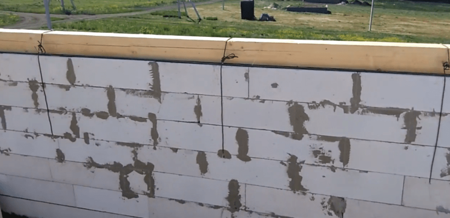 В результате образуется единая система с высокой жесткостью для использования в качестве опоры для стропил. Ширина бруса всегда меньше ширины газоблока, поэтому материал нужно смещать к внутреннему краю. При этом до внешнего края должно оставаться расстояние более 5 см. Иногда по внешнему краю укладываются кирпичи, упирающиеся в боковые части мауэрлата.
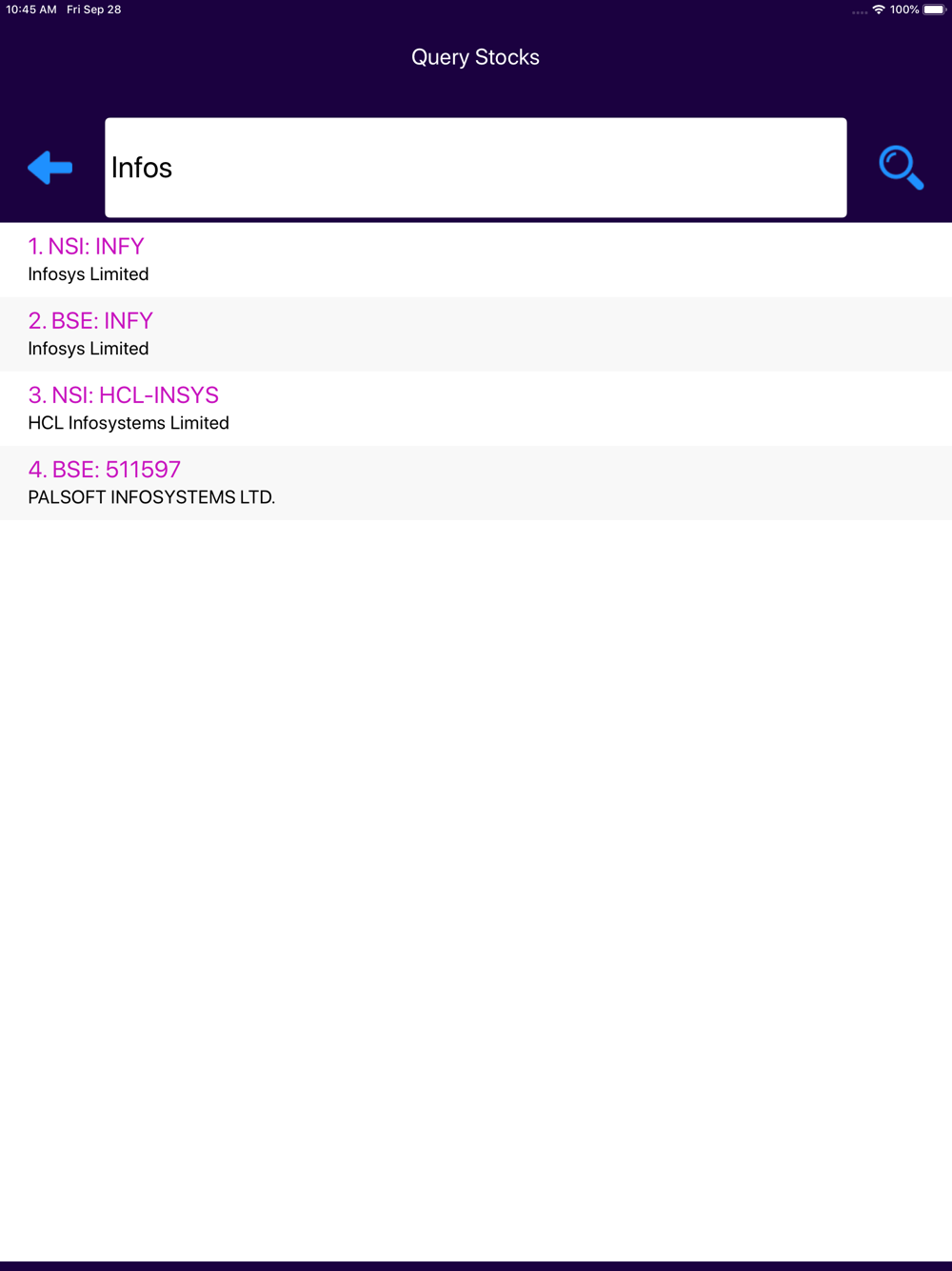This app brings you stock quotes and synchronizes with finance data from web server, allows quick access to stick quotes, and lets you view the latest market and company news. It is a very useful and friendly for tracking all stocks from National Stock Exchange of India(NSE) and Bombay Stock Exchange(BOM).
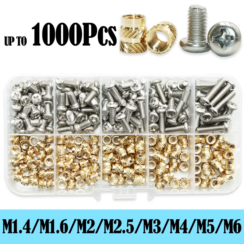 Brass Hot Melt Knurled Insert Nut 304 Stainless Steel Screw Threaded Embedded Copper Nut Bolt Set Kit Printer M1 M1.4 M1.6 M1.7  Read more
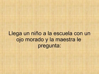 El niño llega a la escuela con moretones en el rostro en dos ocasiones. La primera vez explica que dormía en la misma cama que sus padres y hermano, y que su padre lo golpeó cuando le preguntó si estaba dormido mientras tenía relaciones con su madre. La maestra le aconseja que se quede callado la próxima vez. Al día siguiente llega con otro moretón porque habló cuando sus padres estaban teniendo relaciones nuevamente. La tercera vez, su hermano se cae de la cama y se rompe la cabe
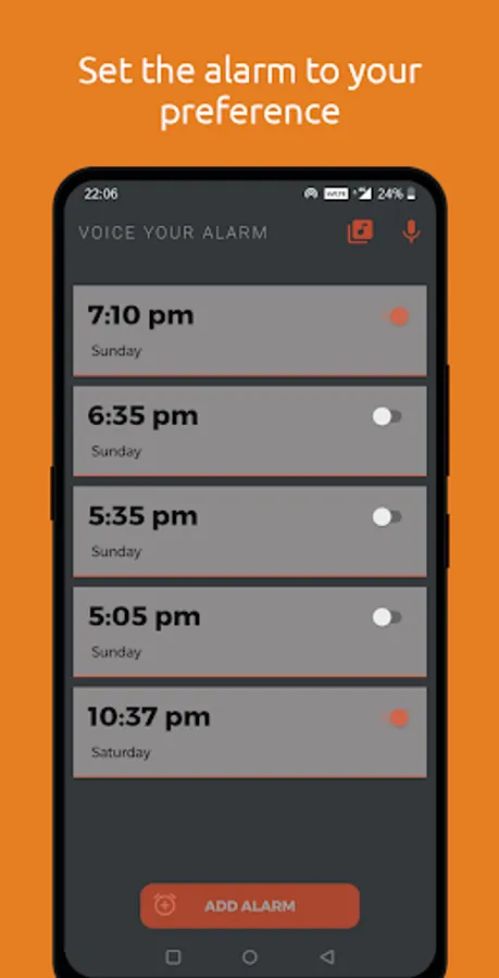 Voice your alarm is an unique app which allows you to wake up to your favorite voices of your friends,family and even your role-models.You just have to record the voice using the in built audio recorder and keep it as a ringtone for your alarm.You can even preview it with the media player present in the Voice Your Alarm app.
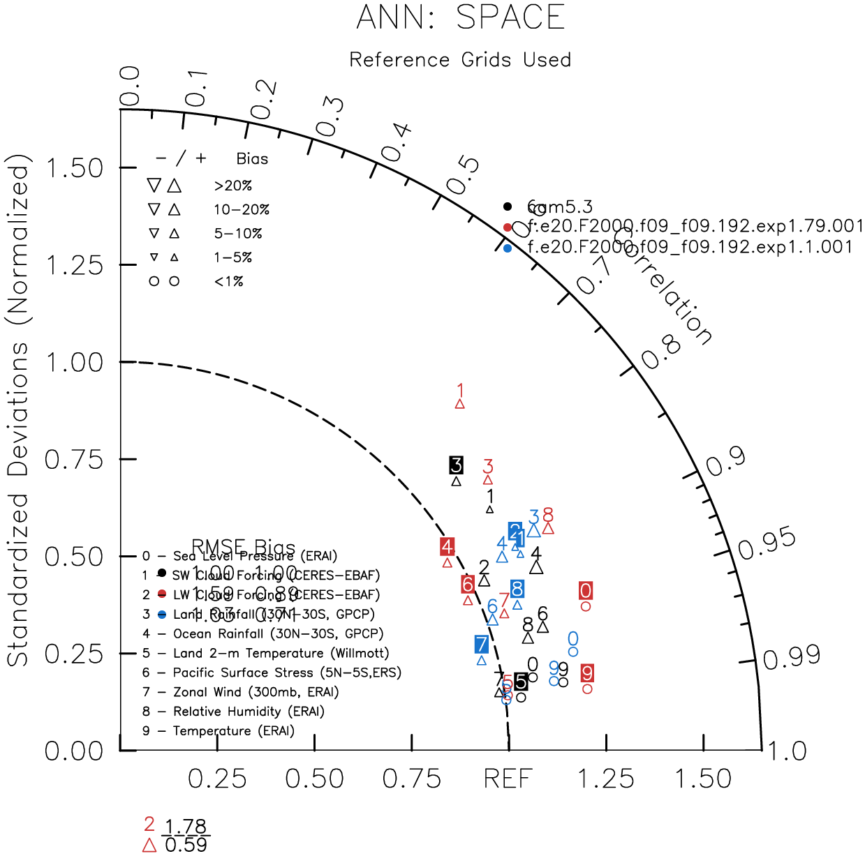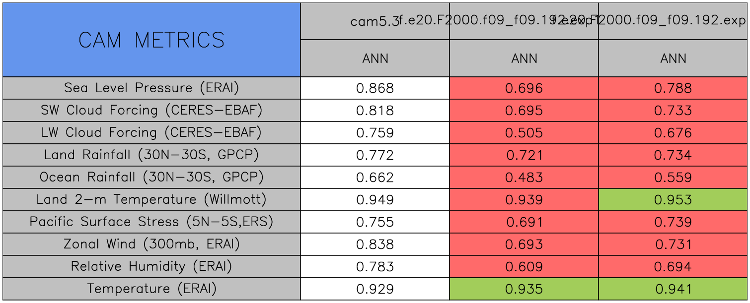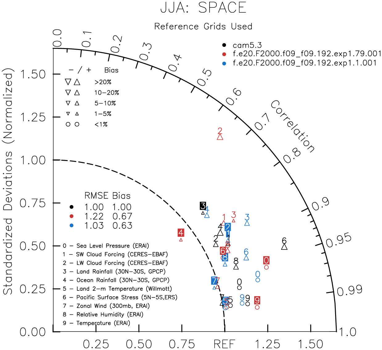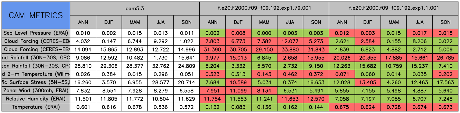 Taylor Diagrams were developed by Karl Taylor at PCMDI (paper|tech note) and aim to condense information about variance and RMSE characteristics of a particular model run when compared with observations in a single diagram. The tables summarize the individual metrics for each variable considered including:
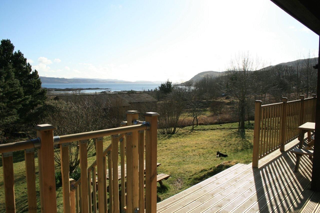 Bluebell Lodge is a lovely wooden house set in a large garden with stunning views over the sea to the Isle of Mull. Located on the hillside in the crofting village of Kilchoan, Bluebell Lodge is ideally situated to explore the charming village and the beautiful Ardnamurchan countryside that encompasses it. It’s a short stroll to the local pub, tearoom and village shop as well as the ferry crossing to the many coloured houses, cafes and restaurants of Tobermory, on the Isle of Mull. Comfortably furnished, Bluebell Lodge is suitable for families and groups of friends. The property has floor to ceiling windows allowing wonderful light and uninterrupted sea views throughout the day, and a wood burning stove to ensure you stay cosy on cooler evenings. At the front of the house, there is a wooden deck with seating and a BBQ overlooking a large, secluded garden, ideal for children to play on. To the side the garden stretches to a small river and wooded area with more seating. On one level: A large and airy living room with dining area and kitchen. One double bedroom, two twin bedrooms, a bathroom with bath, shower and toilet, additional separate toilet and washbasin. Garden: Surrounded by open garden and front decking.

### Task details:
The entries above are to be retyped exactly, with each picture left out.

### Result:
 В результате образуется единая система с высокой жесткостью для использования в качестве опоры для стропил. Ширина бруса всегда меньше ширины газоблока, поэтому материал нужно смещать к внутреннему краю. При этом до внешнего края должно оставаться расстояние более 5 см. Иногда по внешнему краю укладываются кирпичи, упирающиеся в боковые части мауэрлата.
This app brings you stock quotes and synchronizes with finance data from web server, allows quick access to stick quotes, and lets you view the latest market and company news. It is a very useful and friendly for tracking all stocks from National Stock Exchange of India(NSE) and Bombay Stock Exchange(BOM).
 Brass Hot Melt Knurled Insert Nut 304 Stainless Steel Screw Threaded Embedded Copper Nut Bolt Set Kit Printer M1 M1.4 M1.6 M1.7  Read more
 El niño llega a la escuela con moretones en el rostro en dos ocasiones. La primera vez explica que dormía en la misma cama que sus padres y hermano, y que su padre lo golpeó cuando le preguntó si estaba dormido mientras tenía relaciones con su madre. La maestra le aconseja que se quede callado la próxima vez. Al día siguiente llega con otro moretón porque habló cuando sus padres estaban teniendo relaciones nuevamente. La tercera vez, su hermano se cae de la cama y se rompe la cabe
 Voice your alarm is an unique app which allows you to wake up to your favorite voices of your friends,family and even your role-models.You just have to record the voice using the in built audio recorder and keep it as a ringtone for your alarm.You can even preview it with the media player present in the Voice Your Alarm app.
 Taylor Diagrams were developed by Karl Taylor at PCMDI (paper|tech note) and aim to condense information about variance and RMSE characteristics of a particular model run when compared with observations in a single diagram. The tables summarize the individual metrics for each variable considered including:
 Bluebell Lodge is a lovely wooden house set in a large garden with stunning views over the sea to the Isle of Mull. Located on the hillside in the crofting village of Kilchoan, Bluebell Lodge is ideally situated to explore the charming village and the beautiful Ardnamurchan countryside that encompasses it. It’s a short stroll to the local pub, tearoom and village shop as well as the ferry crossing to the many coloured houses, cafes and restaurants of Tobermory, on the Isle of Mull. Comfortably furnished, Bluebell Lodge is suitable for families and groups of friends. The property has floor to ceiling windows allowing wonderful light and uninterrupted sea views throughout the day, and a wood burning stove to ensure you stay cosy on cooler evenings. At the front of the house, there is a wooden deck with seating and a BBQ overlooking a large, secluded garden, ideal for children to play on. To the side the garden stretches to a small river and wooded area with more seating. On one level: A large and airy living room with dining area and kitchen. One double bedroom, two twin bedrooms, a bathroom with bath, shower and toilet, additional separate toilet and washbasin. Garden: Surrounded by open garden and front decking.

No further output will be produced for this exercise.